JavaScript engine fundamentals: Shapes and Inline Caches: This gives a good background on how IC is used in V8.
ES6 Feature Complete: this explains some internals of how objects are represented on JSC and how it was possible to apply IC for properties located on prototype chain.
Inline Caching in JavaScriptCore: this is a presentation from Filip Pizlo about details of JSC IC, sharing numbers of benchmarks and giving detailed numbers of performance for a lot of variant of IC that JSC implements.
inside javascriptcore’s low-level interpreter: this is an article from Andy Wingo that explains what’s LLInt. I recommend reading that if you are not familiar with this kind of interpreter.
Optimizing Dynamically-Typed Object-Oriented Languages WithPolymorphic Inline Caches: This paper introduced the idea of Polymorphic Inline Cache and has a very good section that explains IC on its background section. I recommend reading the entire paper if you want to understand Inline Caches better.

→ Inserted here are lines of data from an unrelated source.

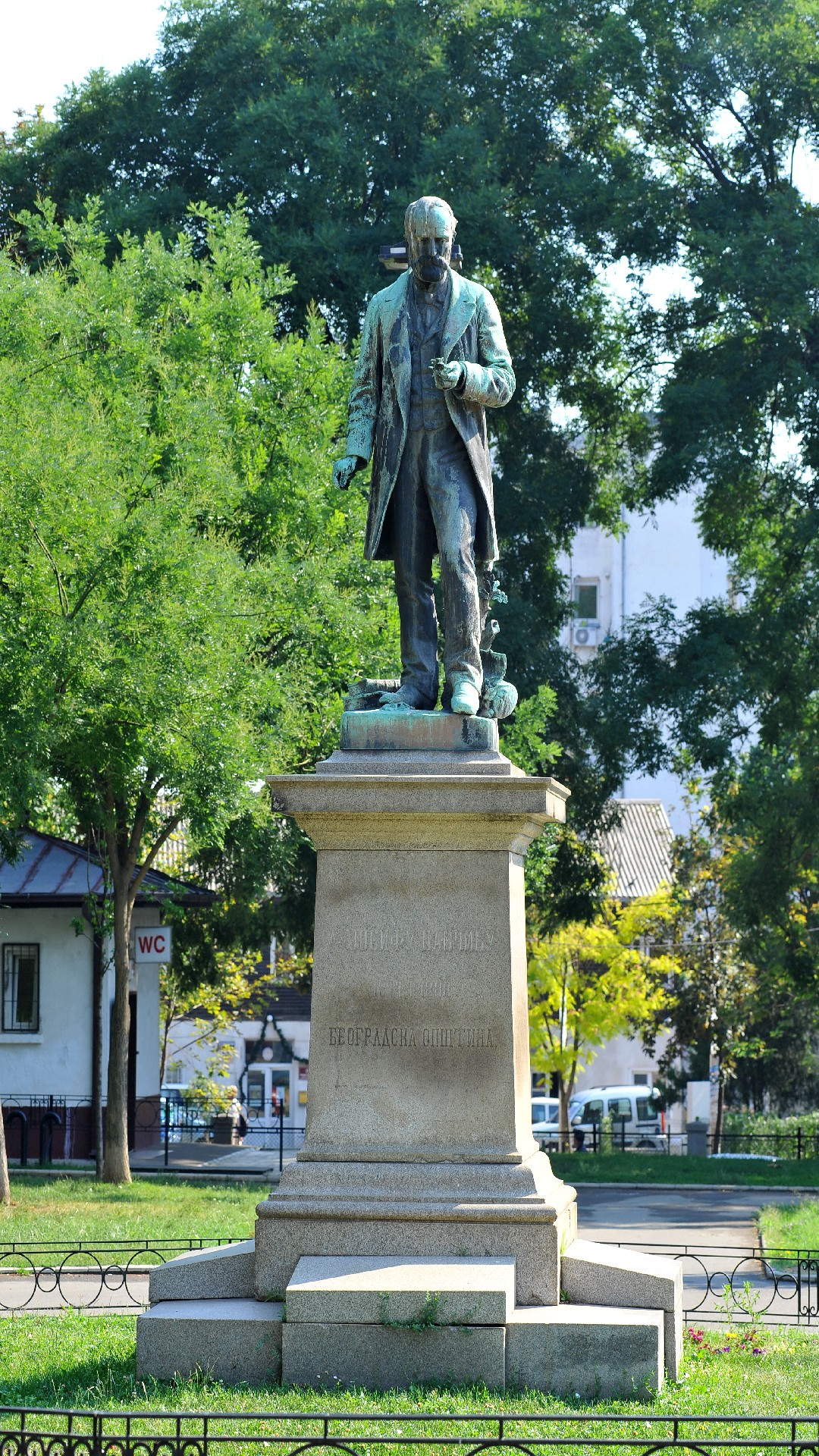 Monument of Josif Pančić in the University Park, Belgrade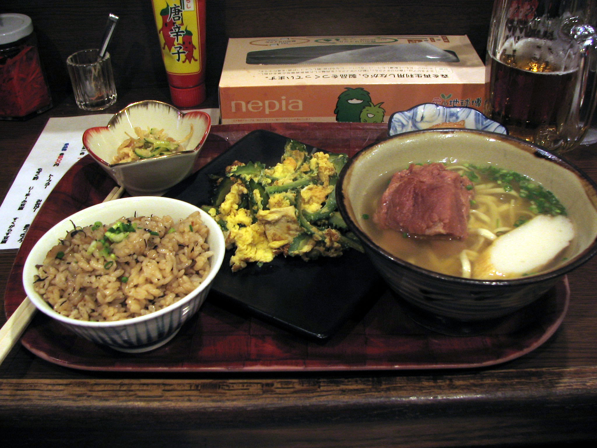 Makishi-Shokudo is a small Okinawa cuisine restaurant in the back street near the Kokusai-Dori street in Naha, Okinawa, Japan. Every dish and bowl on the tray was reeeeally tasty.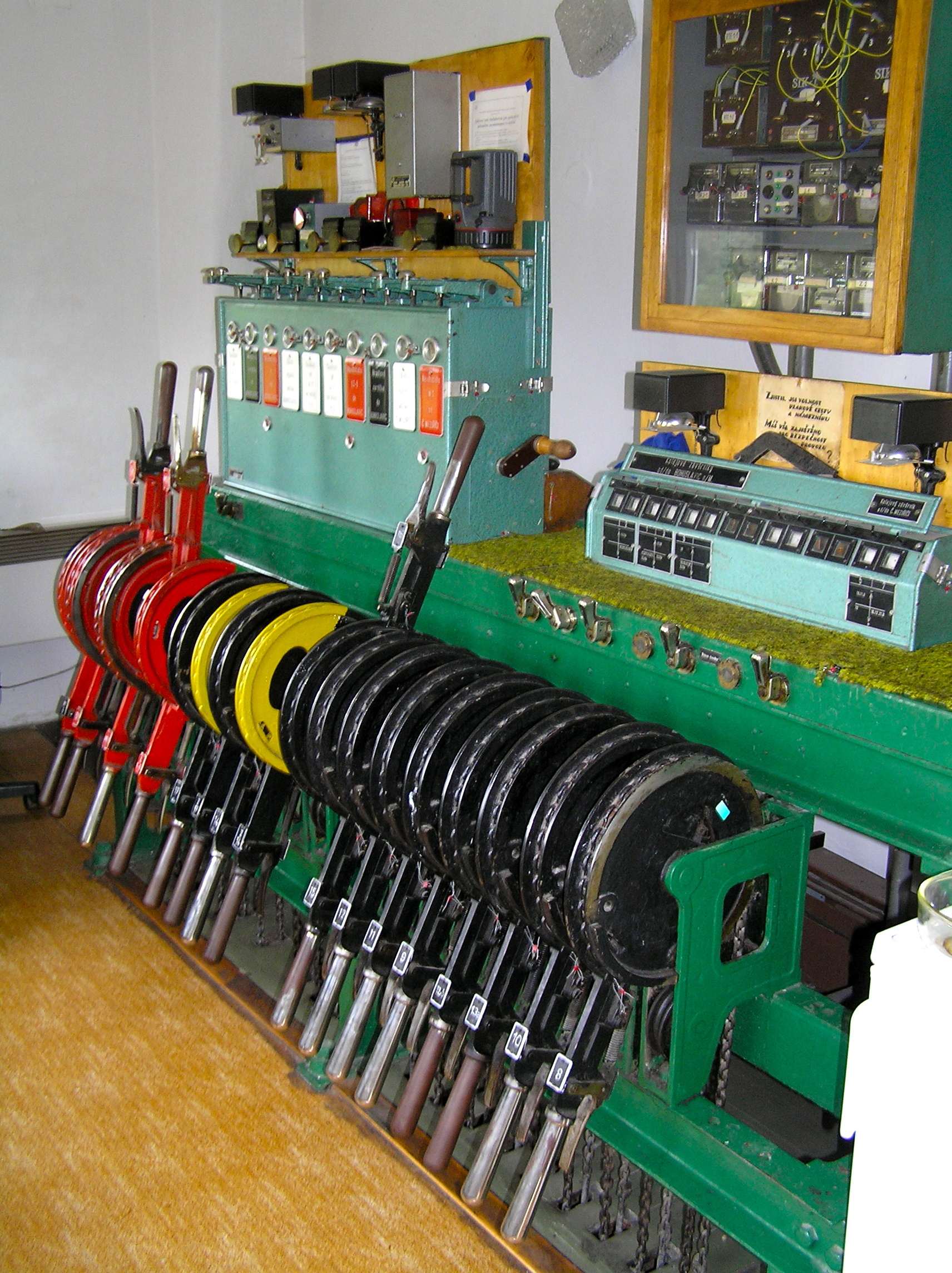 Mechanic interlocking machine (lever frame) in the station Opočno pod Orlickými horami (East Bohemia)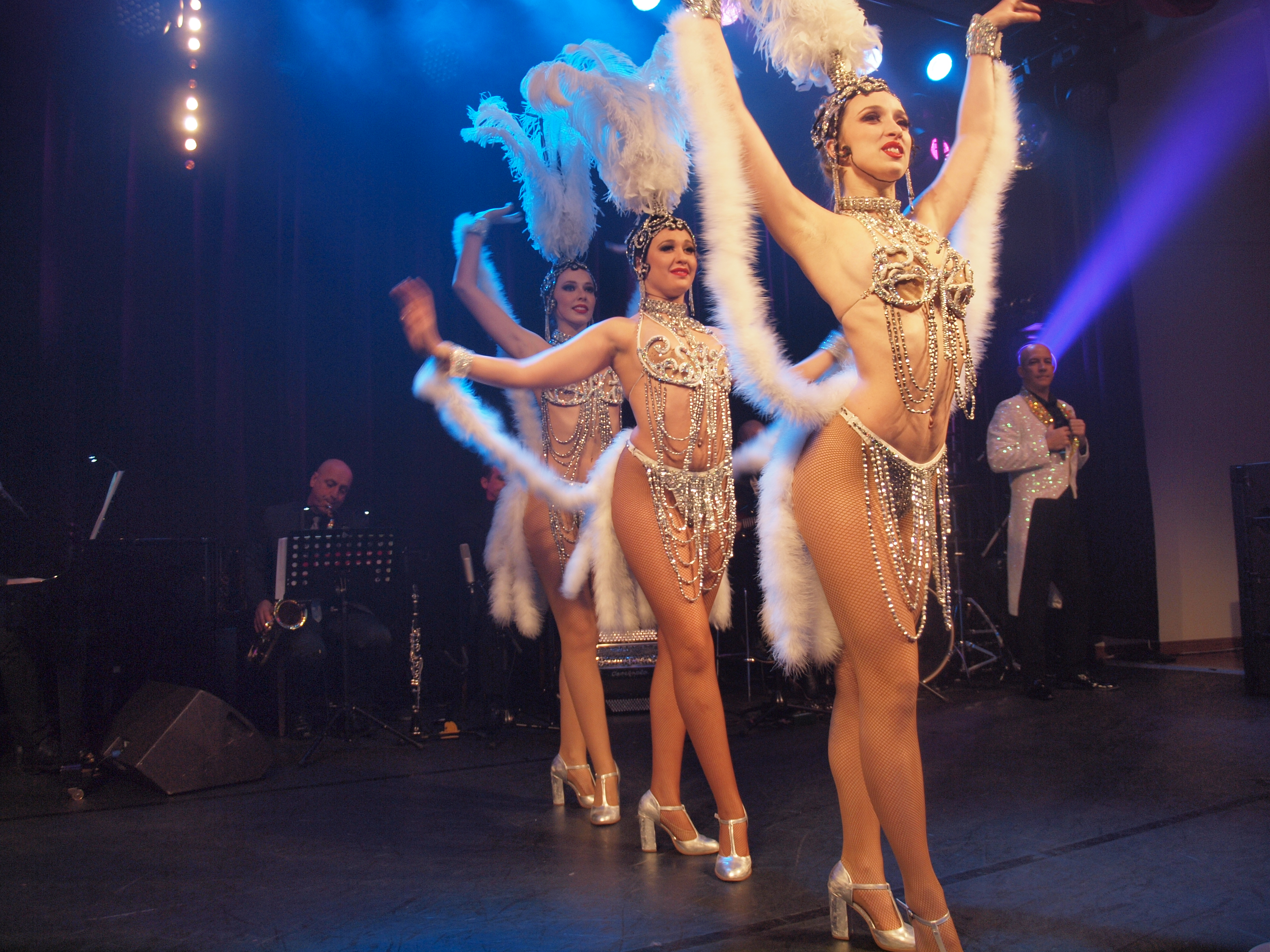 Dancing girls at the Paris Cabaret Show in Casino Helsinki, Finland.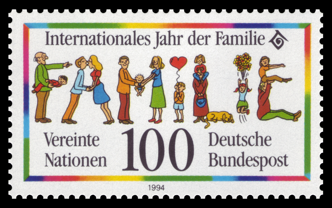 International year of the family 1994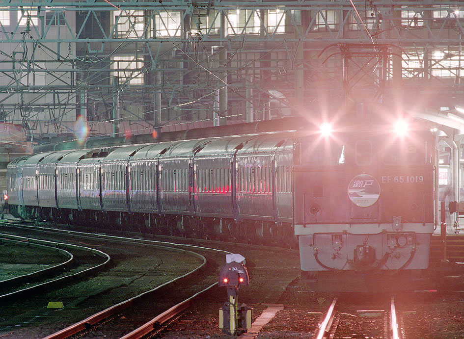 Class EF65-1000 electric locomotive EF65-1019 hauling the Seto overnight sleeper service at Takamatsu Station in Shikoku

Now that we referenced material to basic concpets of Inline Cache, let’s take a look on which parts of code the IC is implemented on JSC. We have separated this article in 2 sections. The first is going to discuss and show how IC is implemented on LLInt using get_by_id as example. The second part is going to discuss how IC is implemented on JIT compilers and which part of code is responsible to generate them.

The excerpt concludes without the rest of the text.